Which is more important? Why?

## R2

Another measurement of "goodness of fit"

$SS_{\text{tot}}=\sum_{i=1}^n(y_{i}-{\bar {y}})^{2}$

$SS_{\text{res}}=\sum_{i=1}^n(y_{i}-\hat{y_{i}})^{2}$

$R^{2} = 1-{SS_{\rm {res}} \over SS_{\rm {tot}}}$

What is the range of R2?

## Machine Learning Libraries

Can train multiple scikit-learn models in parallel with Joblib or Pandas UDFs, but what if our data or model get big...

## ML Libraries in Spark

### MLlib

Original Spark ML API based on RDDs

### SparkML

Newer API based on DataFrames

Spark 2.0: Entered maintenance mode

Supported API moving forward

## How to Handle Non-Numeric Features?

Categorical

- No intrinsic ordering
- e.g.
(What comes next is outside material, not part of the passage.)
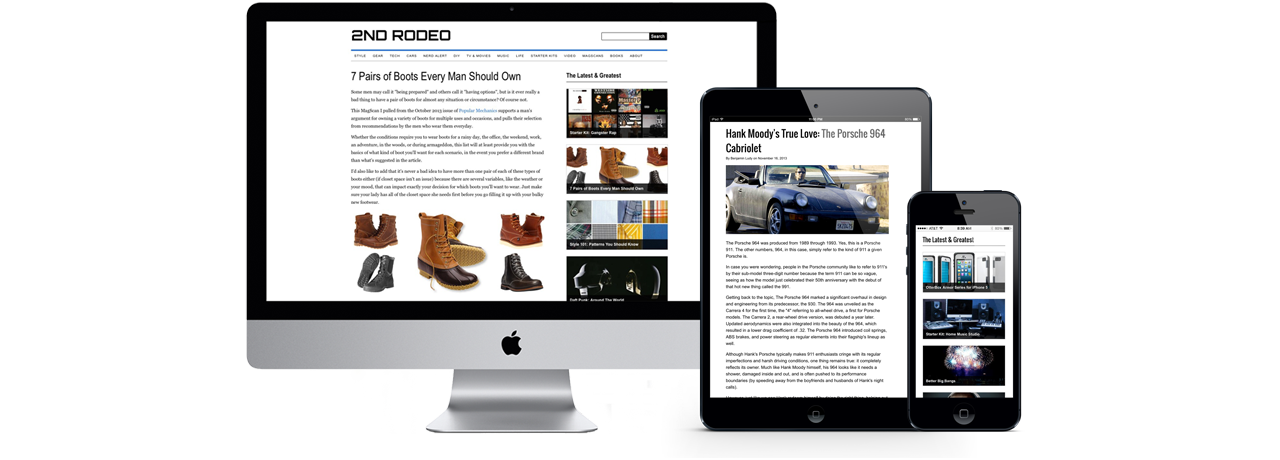 2nd Rodeo is a resource for guys, a collaboration of information including style, cars, gear, technology, entertainment, DIY, and more. It is a type of meta-analysis, or possibly even a "best practices" guide, of our modern culture. Content you are likely to see on 2nd Rodeo ranges from music recommendations and product reviews to suit fit guides and DIY tutorials.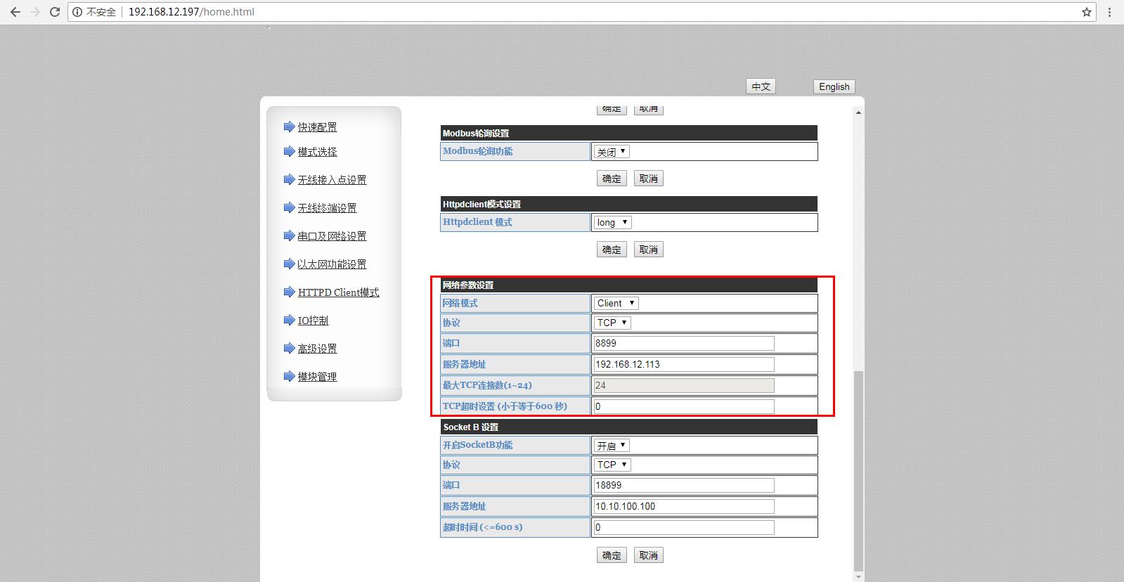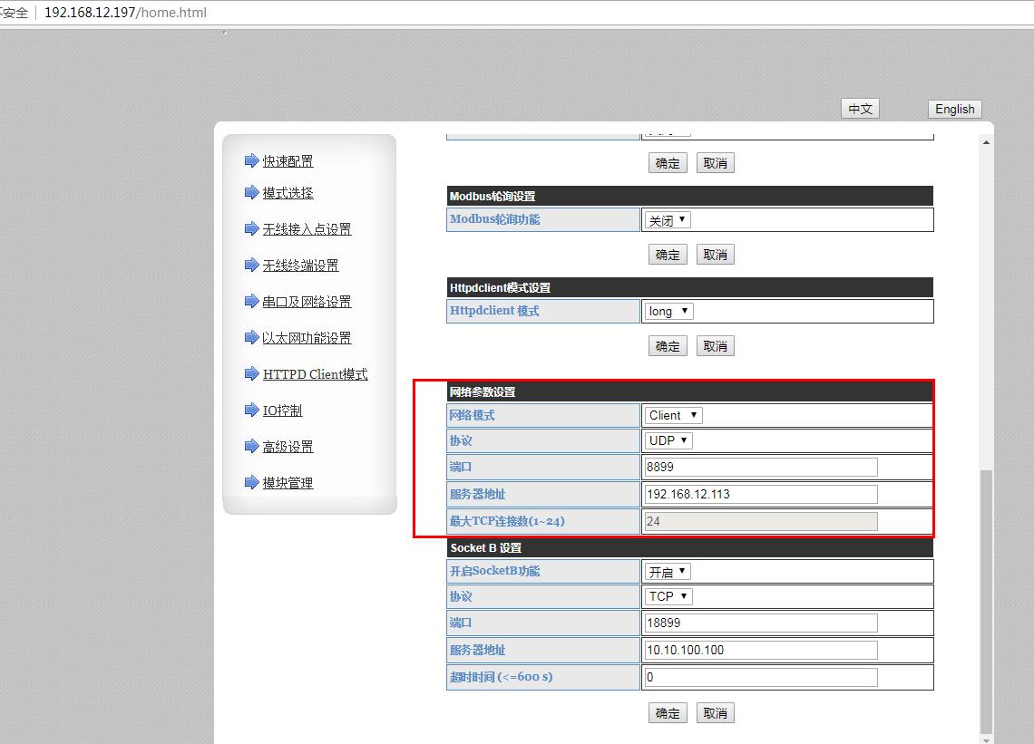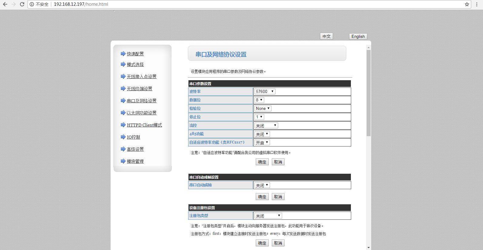 用USR-WIFI232-B2的Ip 登錄USR-WIFI232-B2的網(wǎng)頁,然后修改B2的串口參數(shù)。測(cè)試4種工作模式下,串口和網(wǎng)絡(luò)的數(shù)據(jù)透?jìng)鳌?/p>

Gender, Country, Occupation

Ordinal

- Relative ordering, but inconsistent spacing between categories
- e.g. Excellent, good, poor

## One idea

Create single numerical feature to represent non-numeric one

Categorical features:

- Animal = {'Dog', 'Cat', 'Fish'}
- 'Dog' = 1, 'Cat' = 2, 'Fish' = 3

Implies Cats are 2x dogs!

## One Hot Encoding (OHE)

Create a ‘dummy’ feature for each category

'Dog' => [1, 0, 0], 'Cat' => [0, 1, 0], 'Fish' => [0, 0, 1]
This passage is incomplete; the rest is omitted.